What the exercise asks: The answer must be an exact copy of the lines from the one containing "Il est situé" through the last line of the records, with no pictures.

Records for this exercise: Begin

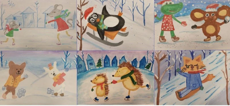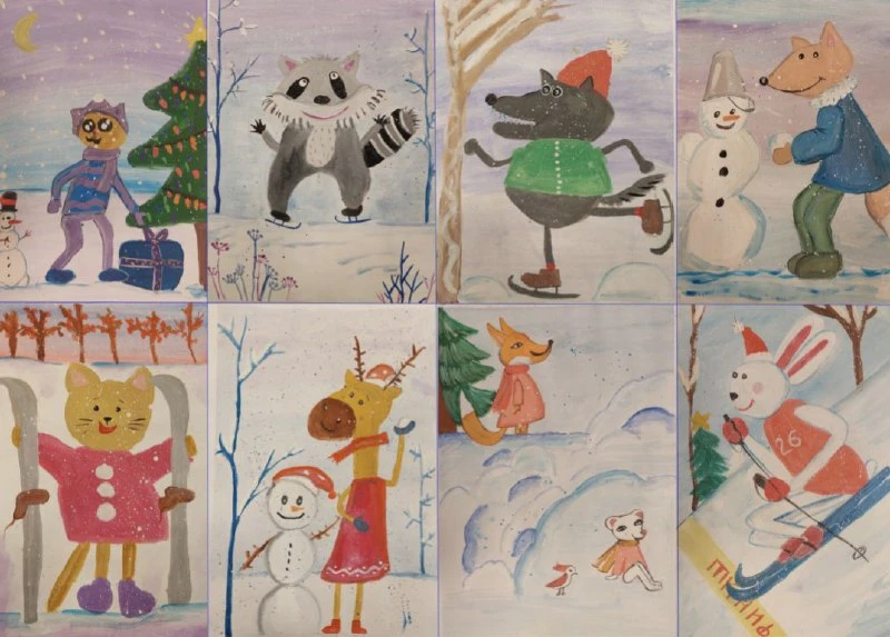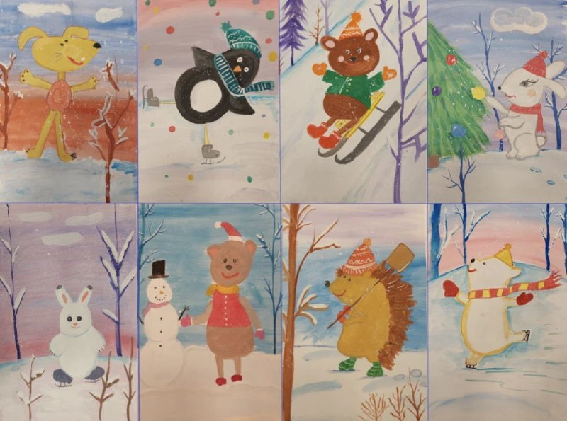 Дети активно готовились к новогодней выставке рисунков «Зимние забавы». Их работы передают всю прелесть зимней поры и создают особую атмосферу праздника.
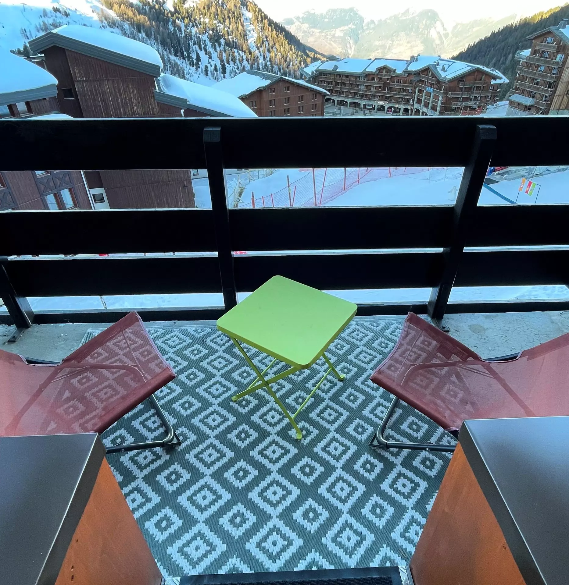 Il est situé au sud ouest et au 5ème étage avec un balcon et vue sur les pistes.
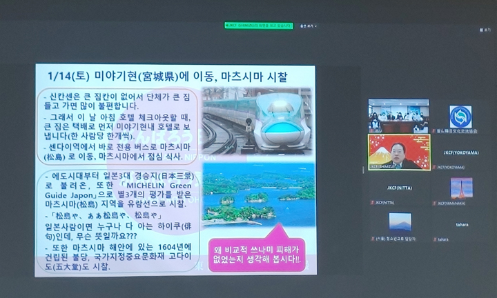 부산 방일단 대학생 상대로의 오리엔테이션이 끝난 후, JENESYS 2022 방일단 전체를 대상으로 Zoom을 통한 화상 오리엔테이션이 시작됐다. 이번 방일의 모토는 GANBARO TOHOKU (힘내라, 도호쿠)로, 미야기 현과 이와테 현을 중심으로 동일본대지진 피재지를 시찰하고, 부흥상황을 직접 보고 느끼는 의미있는 주제였다. 우리가 거주하는 숙소조차 동일본대지진 당시 피난소로 큰 역할을 했던 곳이며, 여러 의미있는 일정이 꼼꼼하게 구성되어 있었다. 자세하게 설명하고 싶지만, JENESYS 2022 방일 기간동안의 기록을 포스팅해볼 생각인만큼 각 포스팅에서 더 자세하게 설명할 수 있도록 하겠다.
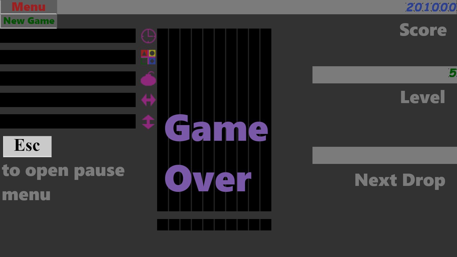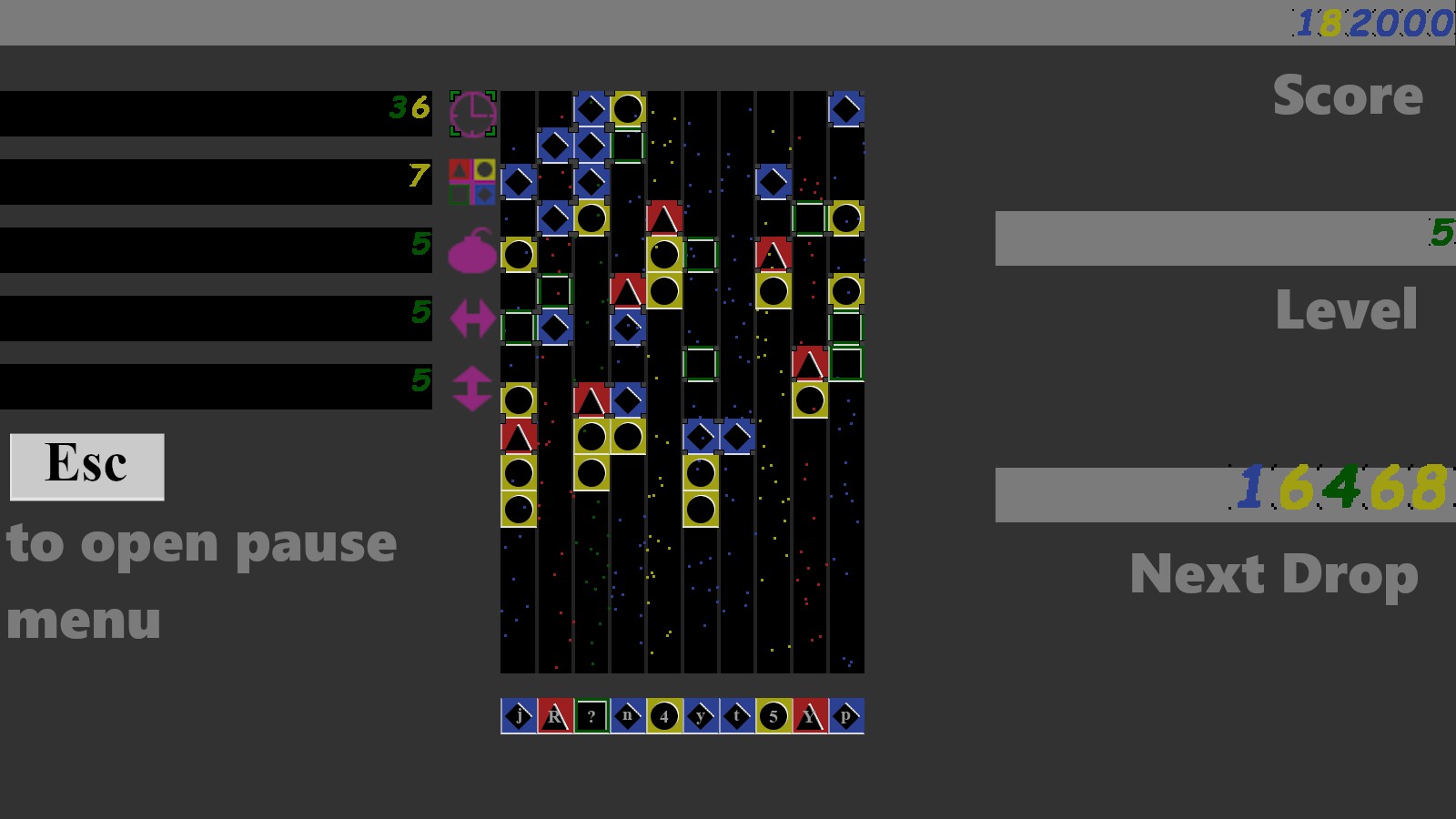 a block matching game. blocks are selected by typing the matching keyboard character. over time new rows are added to the board and the blocks on the board drop further. clear the blocks on the board before they reach the bottom.
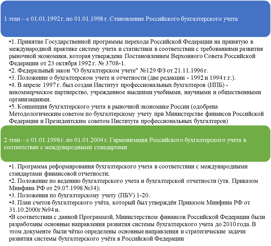 Рисунок 1 – Этапы развития бухгалтерского учета в российской Федерации
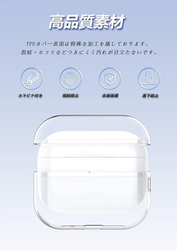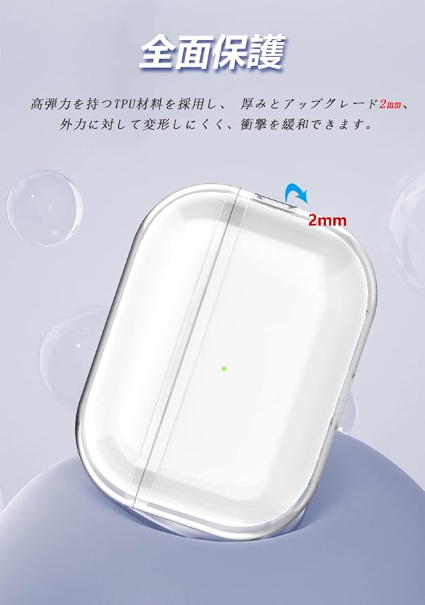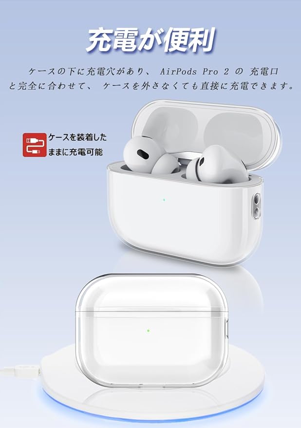 ?【高品質素材】透明度の高い高品質TPUで製作されるので、手触りが良くて耐久性が抜群です。AirPods Pro 2本来のデザインを損なうことのない、シンプルで高級感のある仕上がり。
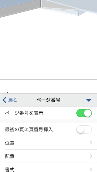 1ページ目にはページ番号を挿入せず、2ページ目からページ番号を挿入するには、iPhoneやiPod touch画面右上の

Records for this exercise: End

Result:
 Il est situé au sud ouest et au 5ème étage avec un balcon et vue sur les pistes.
 부산 방일단 대학생 상대로의 오리엔테이션이 끝난 후, JENESYS 2022 방일단 전체를 대상으로 Zoom을 통한 화상 오리엔테이션이 시작됐다. 이번 방일의 모토는 GANBARO TOHOKU (힘내라, 도호쿠)로, 미야기 현과 이와테 현을 중심으로 동일본대지진 피재지를 시찰하고, 부흥상황을 직접 보고 느끼는 의미있는 주제였다. 우리가 거주하는 숙소조차 동일본대지진 당시 피난소로 큰 역할을 했던 곳이며, 여러 의미있는 일정이 꼼꼼하게 구성되어 있었다. 자세하게 설명하고 싶지만, JENESYS 2022 방일 기간동안의 기록을 포스팅해볼 생각인만큼 각 포스팅에서 더 자세하게 설명할 수 있도록 하겠다.
 a block matching game. blocks are selected by typing the matching keyboard character. over time new rows are added to the board and the blocks on the board drop further. clear the blocks on the board before they reach the bottom.
 Рисунок 1 – Этапы развития бухгалтерского учета в российской Федерации
 ?【高品質素材】透明度の高い高品質TPUで製作されるので、手触りが良くて耐久性が抜群です。AirPods Pro 2本来のデザインを損なうことのない、シンプルで高級感のある仕上がり。
 1ページ目にはページ番号を挿入せず、2ページ目からページ番号を挿入するには、iPhoneやiPod touch画面右上の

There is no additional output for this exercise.